[YOUR OBJECTIVE] Only the lines from the one with "⒈ 一种放映影片的光学机械装" to the end of the data below should be given again, exactly, with both ends included and pictures omitted.

[COLLECTED MATERIAL]
^^^^^^^^

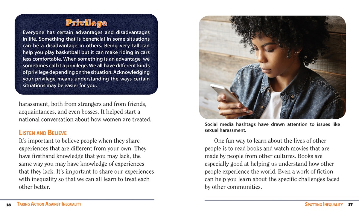 As inequality and social justice become larger parts of the daily news cycle, it's more important than ever for students to learn about inequality. With this book, students will learn how to spot inequality in their communities and discover what exactly to do when they see it. Readers are provided with real-life examples of people who noticed inequality in their communities and decided to set things right. With accessible, easy-to-grasp language, this volume teaches students that they have the power to stand up against bias and discrimination.
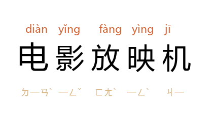 ⒈ 一种放映影片的光学机械装置。它能将电影摄影机摄下的连续的静止画面,用同样的频率投射到银幕上,利用人眼的视觉作用,重新显现运动的人或物。现代电影放映机还有把影片上的音带同步还原的装置。
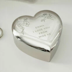 Personalised Floral Free Text Heart Trinket Box – Unique Ornament & Keepsake Gift

^^^^^^^^

[ANSWER TO THIS EXERCISE]
 ⒈ 一种放映影片的光学机械装置。它能将电影摄影机摄下的连续的静止画面,用同样的频率投射到银幕上,利用人眼的视觉作用,重新显现运动的人或物。现代电影放映机还有把影片上的音带同步还原的装置。
 Personalised Floral Free Text Heart Trinket Box – Unique Ornament & Keepsake Gift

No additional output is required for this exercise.